Red Rock Canyon Open Space
© Red Rock Canyon

Red Rock Canyon Open Space is Garden of the Gods’ slightly less famous neighbor, and that relative anonymity is actually a selling point. The park covers over 1,500 acres of red and white sandstone ridges, open grasslands, and shaded canyon corridors within the city limits of Colorado Springs.

Visitors who arrive expecting a smaller, quieter version of its famous counterpart often leave convinced they found the better deal entirely.

The trail network here connects multiple geological formations and offers routes suitable for hikers, mountain bikers, and families with kids in tow. The Contemplative Trail and the Red Rock Canyon Trail are popular starting points that showcase the park’s most dramatic rock faces without demanding expert-level fitness.

Parking is free, entry is free, and the scenery competes with anything the region offers at a price.

Quick Verdict: If you are building a single-day castle-and-garden route and want to add one outdoor stop that feels genuinely rewarding without consuming half your afternoon, Red Rock Canyon Open Space is the answer. The light in late afternoon turns the canyon walls a deep amber that photographers will find impossible to walk away from.

Combine it with a short stroll through downtown Manitou Springs afterward for a well-rounded finish to the day.

Cave of the Winds Mountain Park

Cave of the Winds Mountain Park
© Cave of the Winds Mountain Park

Perched above Manitou Springs along the dramatic Williams Canyon, Cave of the Winds Mountain Park has been welcoming visitors since the 1880s, which means it has had considerable practice at being impressive. The cave system features multiple tour options, ranging from the classic lantern tour through the main chambers to more adventurous experiences for those who want to crawl through tighter passages and feel genuinely spelunker-adjacent.

The geology inside is legitimately stunning, with formations that took hundreds of thousands of years to develop.

The park sits at around 7,000 feet elevation, so the air inside the cave stays a consistent cool temperature year-round, making it a refreshing mid-summer stop or an atmospheric winter outing. Tour times and ticket availability vary by season, and advance booking online is strongly recommended during peak summer months to avoid arriving and finding your preferred tour sold out.

Who This Is For: Families with curious kids, couples looking for something beyond the standard scenic overlook, and anyone who has ever watched a nature documentary and thought they would enjoy seeing geology up close. The outdoor attractions at the park, including a ridge walk with canyon views, add extra value to the visit beyond the cave tours themselves.

Budget at least 90 minutes for a comfortable visit including travel time from downtown Manitou Springs.

Colorado Springs Pioneers Museum

Colorado Springs Pioneers Museum
© Colorado Springs Pioneers Museum

The Colorado Springs Pioneers Museum occupies the former El Paso County Courthouse, a handsome neoclassical building in the heart of downtown Colorado Springs that has been repurposed into one of the region’s most accessible and genuinely interesting local history institutions.

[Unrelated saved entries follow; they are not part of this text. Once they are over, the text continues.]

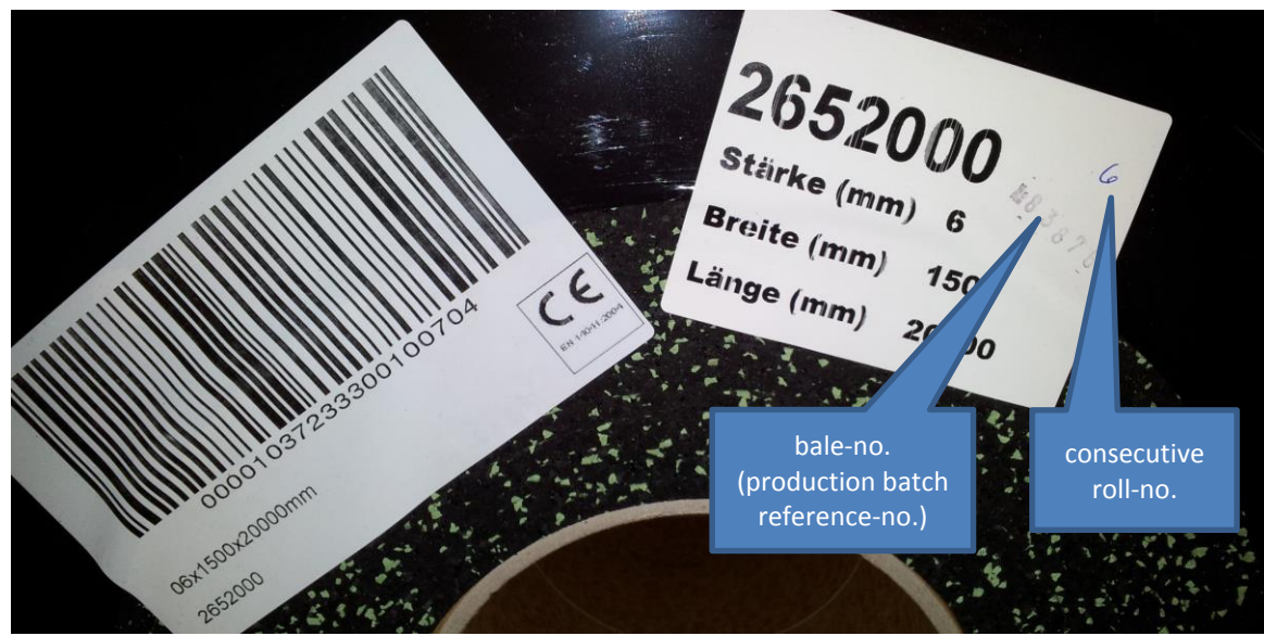
Figure 5: Lettering of the rolls with roll- and bale number (product batch reference number)

Figure 4: Pay attention to the production batch reference, placed with labels on the rolls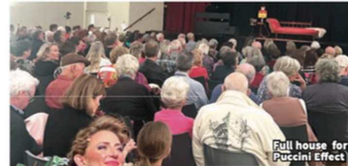
Full house for Puccini Effect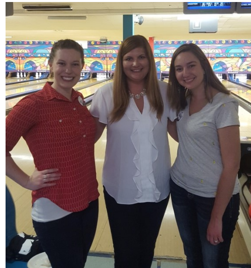
Bowl for Kids' Sake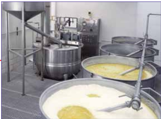
Manually controlled systems combine cost-efficient corn cooking with complete process control.

Manual, semi-automatic and fully-automated systems are specially designed for your production requirements.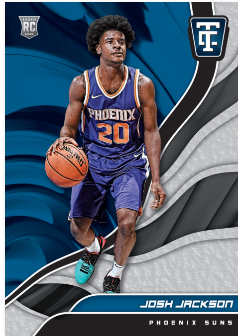
BASE ROOKIES HOLO BLUE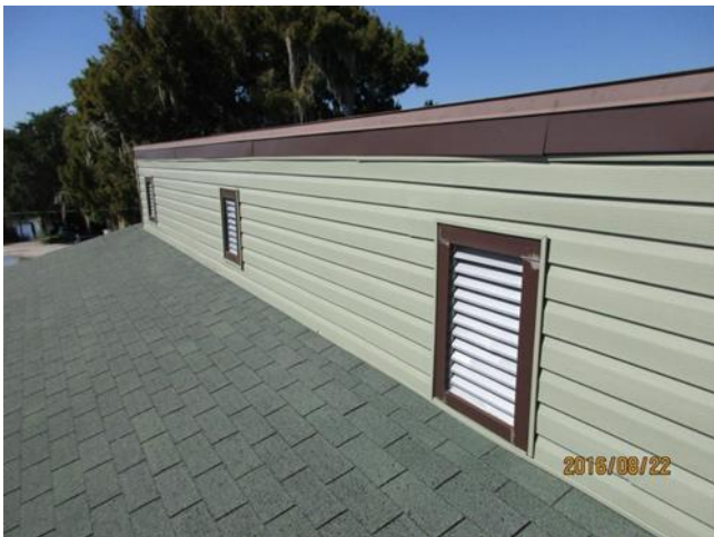
West Roof (higher) meets lower roof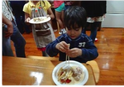
Time to eat our cooking.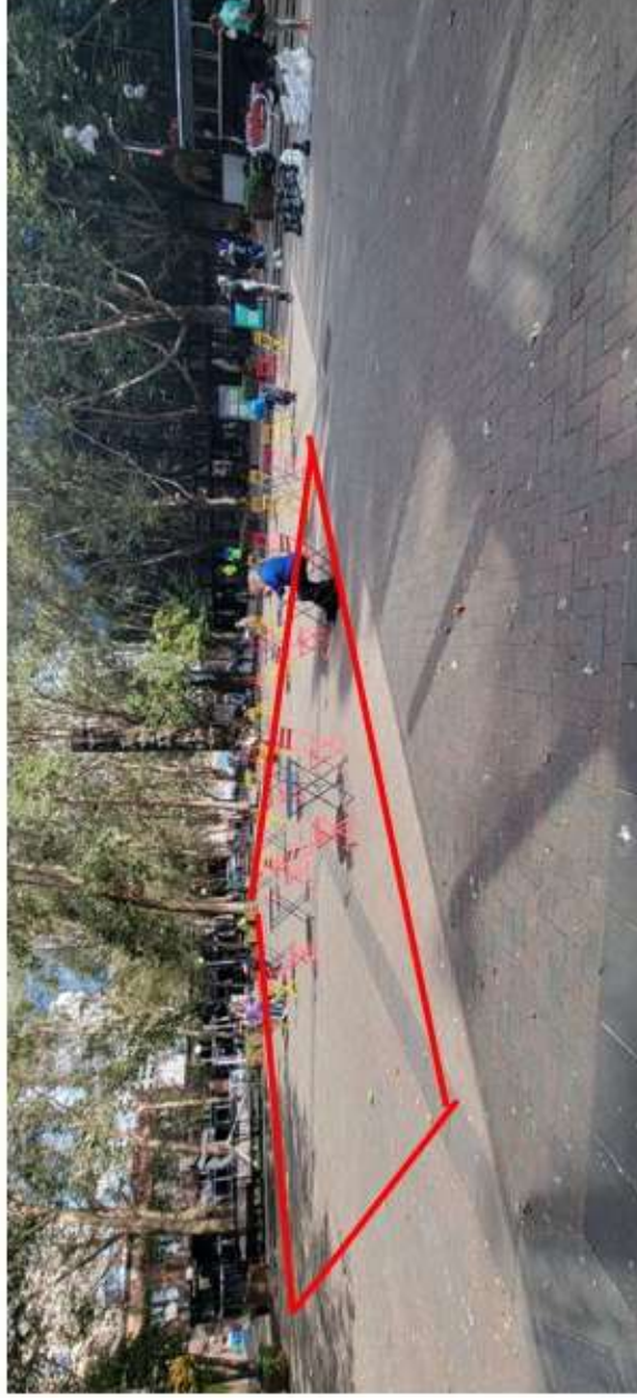
Photo of Proposed Area Location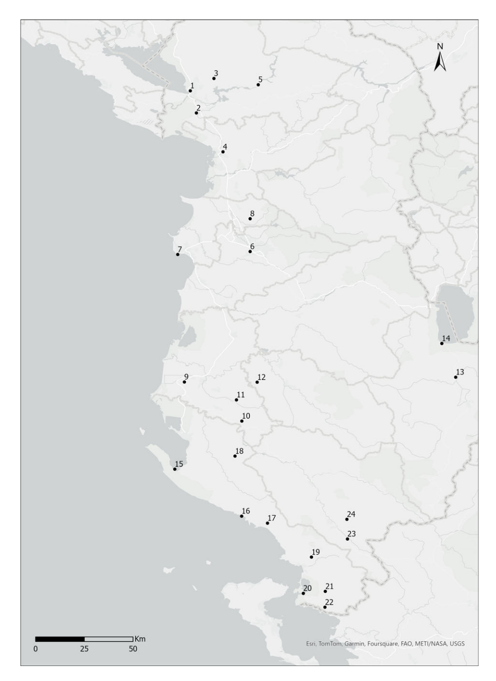
Map 7.1. I. Shkodra; 2. Bushat; 3. Drivastum/Drisht; 4. Lezha; 5. Komani-Sarda; 6. Epidamnos/Dyrrachium; 7. The Artemision of Epidamnos-Dyrrhachium; 8. Zgërdhesh; 9. Apollonia of Illyria; 10. Byllis; 11. Lofkënd; 12. Dimal; 13. Sovjan; 14. Pogradec; 15. Orikos; 16. Himara; 17. Borsh; 18. Amantia; 19. Phoinike; 20. Butrint; 21. Dobra; 22. Çuka e Ajtoit; 23. Hadrianopolis; 24. Antigonea.

GIS analysis indicates that hillforts typically possessed clear lines of sight with each other and therefore may have operated collectively, as members of a settlement/defensive system, to allow communication and to monitor movement in and out of the mountains.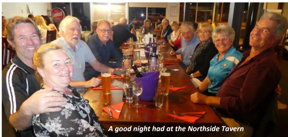
A good night had at the Northside Tavern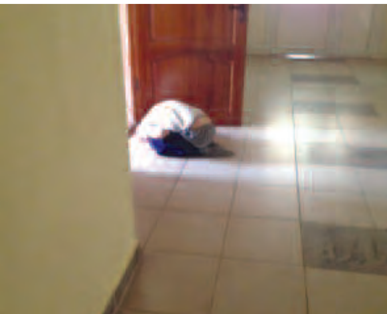
A boy crouches on the floor of a state orphanage for children with disabilities, Sverdlovsk region.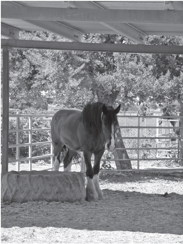
In areas of temperate winters and more days of heat and sunshine, simple pole and roof constructed shelters which protect from moderate rain and intensive heat may be preferable.

more horses is to allow 120 square feet for each of the first two horses, then 60 square feet for each additional horse with access to a given shelter. As with stalls, any water sources or electrical lighting supplied must be properly constructed and protected from the strains of horse manipulation and weather. If feed bunks are to be included in shelters, they should be of sufficient numbers or be large enough so that all horses can feed at once and avoid aggressive behaviors between animals.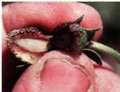
Fig. 7. Discolored vascular system with radiating brown streaks in a Phytophthora (leather rot) infected berry.

This disease is caused by the fungus Phytophthora cactorum . This disease can become very important in some years, given favorable environmental conditions. Ripening fruit clusters that are touching the ground in standing water after prolonged warm rains suddenly (in a day or two) turn grey-brown and become mushy. The fruit stems often become rotted. The disease progresses rapidly and a rotten smell pervades the field. After a few days, infected berries start to dry out and become leathery. If infected berries are cut longitudinally, the vascular system of the fruit is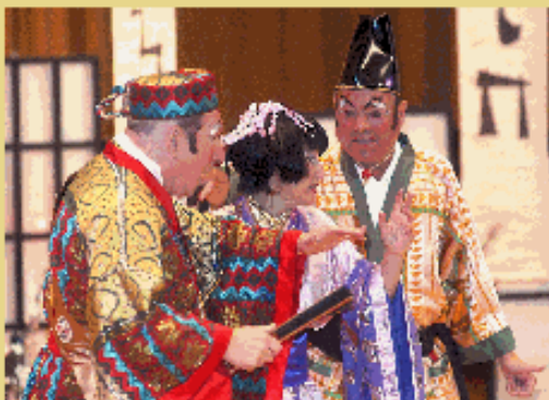
Der Yiddisher Makkado at the University of Miami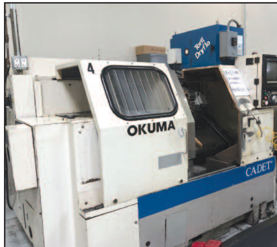
Okuma Cadet LNC8 CNC Turning Center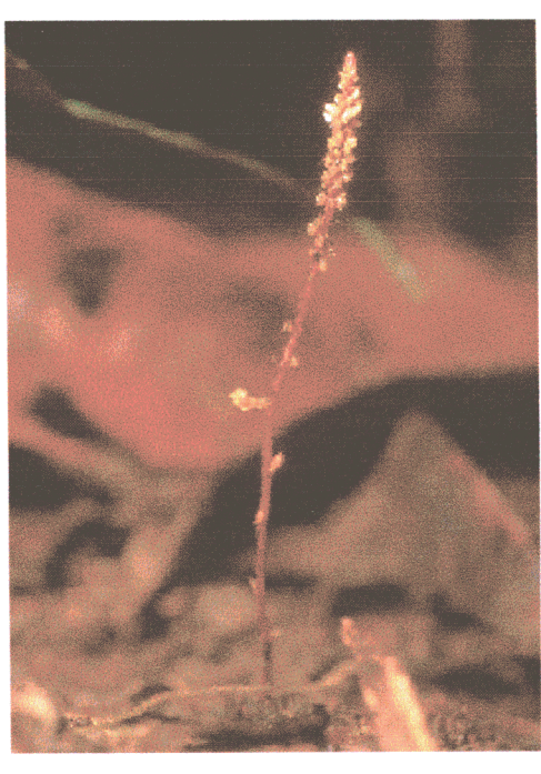
11 . Epirixanthes – a saprophyte (Polygalaceae).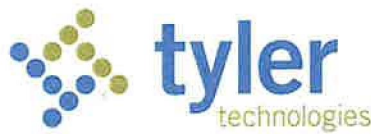
Exhibit C SERVICE LEVEL AGREEMENT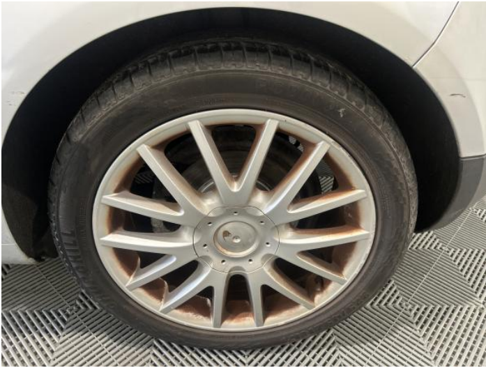
9: Wheel nsr Scratched Over 50mm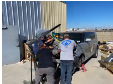
It takes a team to get it done...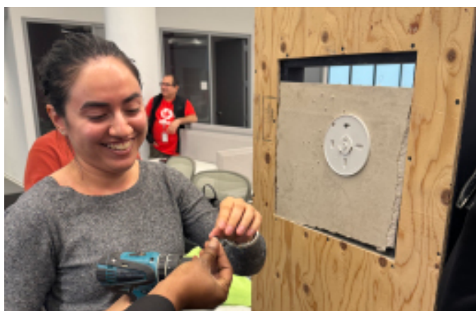
Volunteer learning to install a smoke detector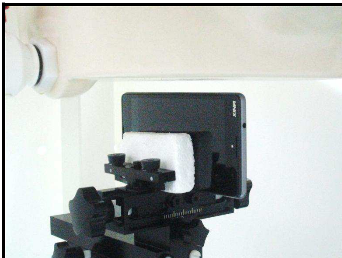
Left Side of EUT with 1.0 cm Gap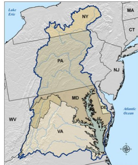
Figure 1. New York’s location within the Chesapeake Bay watershed.

To restore the health of the Chesapeake Bay and to preserve water quality in New York’s local streams and rivers, the state has joined the five other Bay states and the District of Columbia in adopting rigorous pollution reduction targets. These goals are spelled out in the US EPA’s Chesapeake Bay 2010 TMDL, which specifies levels of nutrient and sediment pollution reductions that must be achieved in each Bay jurisdiction by 2025 in order to meet water quality standards for dissolved oxygen, water clarity, underwater Bay grasses, and chlorophyll a. 6 Table 1 shows TMDL final targets for New York and for the watershed as a whole.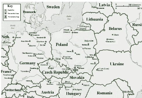
Map of Central and Eastern Europe – 'The same history, the same events do not necessarily mean the same thing to the people affected'

The Russian policy of dividing the EU and dealing bilaterally with member states or small groups of countries separately is not exceptional or outstandingly hostile. The EU is facing this problem not only in its relations towards Russia, but in fact towards all states, who consider themselves to be strong enough. So it is an EU problem and not something to blame the Russians for. This does not set the game in favour of the EU. At first sight, the Russian centralised and democratically unbound political system enjoys a big strategic advantage in this power play over the pluralistic EU, where every member has the ultimate say in many, often decisive, political fields. Maybe the world is not safer but more dangerous than at the time of the Cold War. Undoubtedly, however, it is more complicated and the de-centralised EU-system may turn out better prepared for future challenges in the long term.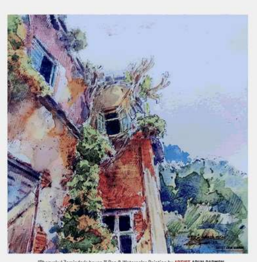
"Bhagyakul Zamindar's house T Pen & Watercolor Painting by ARTIST ARUN BARMON 7X7 Inches Sep 2022 www.facebook.com/artistarunbarmon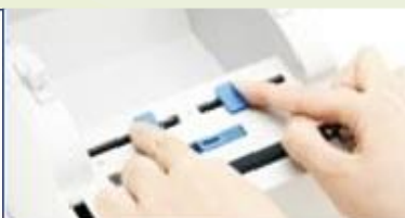
Dual sensor Accurate positioning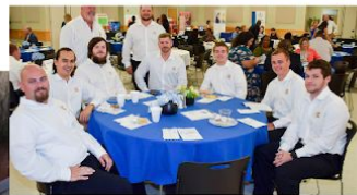
Education & Business Leaders' Summit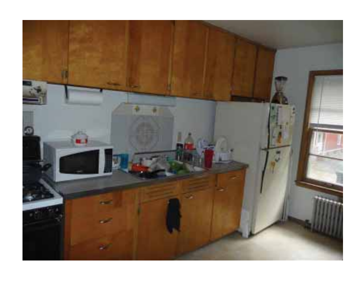
TYPICAL UNIT KITCHEN

Admission is free, which already puts it ahead of most competitors before you even walk through the door.

Inside, exhibits cover the region’s Indigenous history, the early resort era, and the cultural development of the Pikes Peak region across multiple centuries.

The museum’s collection includes period furniture, historical photographs, and rotating exhibits that give repeat visitors a reason to return. The building itself is worth the stop, with original architectural details preserved throughout the interior that give the space a character most purpose-built museums spend decades trying to manufacture.

Staff members are knowledgeable and approachable, and the gift shop carries locally made items worth browsing.

Common Mistakes to Avoid: Skipping this stop because it sounds like a standard local history museum. The Pioneers Museum consistently surprises first-time visitors with the depth and quality of its exhibits, particularly the sections covering the late 19th century resort culture that shaped both Colorado Springs and Manitou Springs into the destinations they remain today.

Allow at least an hour, and consider it the ideal starting point before heading toward Manitou Springs on the full route.